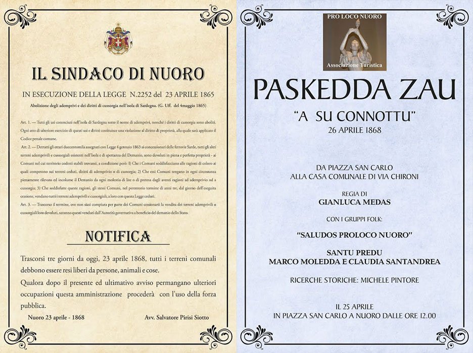 Un appuntamento a cui la città si prepara il prossimo martedì 25 aprile riproponendo lo storico evento con una grande rappresentazione nello storico rione di Santu Predu, nei luoghi dove si svolsero i fatti che si conclusero con la famosa sommossa popolare capeggiata da Paskedda Zau (divenuta figura simbolo di donna nuorese contro le oppressioni) che portò all’assalto della Casa Comunale che allora aveva sede nel Palazzo Martoni, ancora esistente nell’attuale via Chironi 5 (APPROFONDISCI).
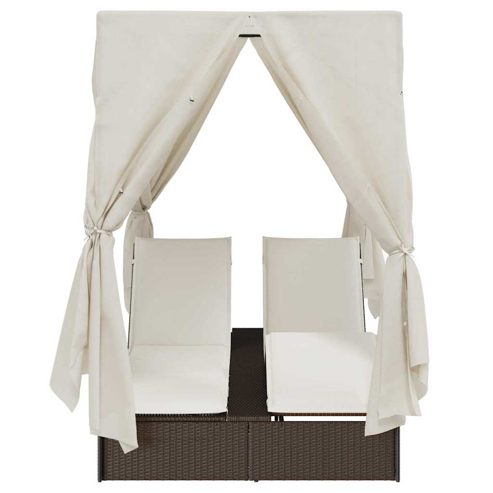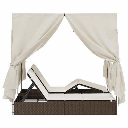 vidaXL Doppelte Sonnenliege mit Dach Braun 205 x 129 x 200 cm
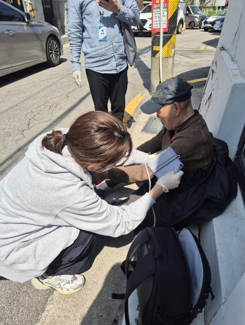![]() 장위1동 주민센터 간호사가 뇌졸중이 의심되는 어르신의 상태를 확인하고 있다 |
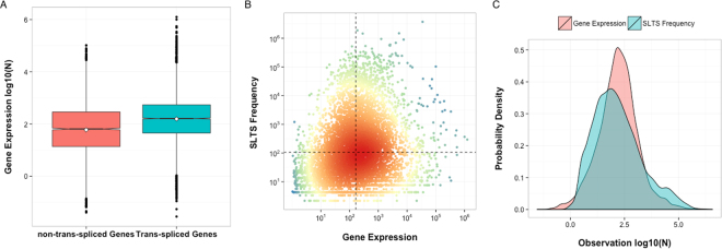 Spliced leader dependent trans-splicing (SLTS) has been described as an important RNA regulatory process that occurs in different organisms, including the trematode Schistosoma mansoni. We identified more than seven thousand putative SLTS sites in the parasite, comprising genes with a wide spectrum of functional classes, which underlines the SLTS as a ubiquitous mechanism in the parasite. Also, SLTS gene expression levels span several orders of magnitude, showing that SLTS frequency is not determined by the expression level of the target gene, but by the presence of particular gene features facilitating or hindering the trans-splicing mechanism. Our in-depth investigation of SLTS events demonstrates widespread alternative trans-splicing (ATS) acceptor sites occurring in different regions along the entire gene body, highlighting another important role of SLTS generating alternative RNA isoforms in the parasite, besides the polycistron resolution. Particularly for introns where SLTS directly competes for the same acceptor substrate with cis-splicing, we identified for the first time additional and important features that might determine the type of splicing. Our study substantially extends the current knowledge of RNA processing by SLTS in S. mansoni, and provide basis for future studies on the trans-splicing mechanism in other eukaryotes.

※

[Aim of the task]: Return only the lines running from the top of the data to the line that holds "상태를 확인하고 있다 |". Include both of those lines, but skip the pictures.

[Written response]:
 Un appuntamento a cui la città si prepara il prossimo martedì 25 aprile riproponendo lo storico evento con una grande rappresentazione nello storico rione di Santu Predu, nei luoghi dove si svolsero i fatti che si conclusero con la famosa sommossa popolare capeggiata da Paskedda Zau (divenuta figura simbolo di donna nuorese contro le oppressioni) che portò all’assalto della Casa Comunale che allora aveva sede nel Palazzo Martoni, ancora esistente nell’attuale via Chironi 5 (APPROFONDISCI).
 vidaXL Doppelte Sonnenliege mit Dach Braun 205 x 129 x 200 cm
![]() 장위1동 주민센터 간호사가 뇌졸중이 의심되는 어르신의 상태를 확인하고 있다 |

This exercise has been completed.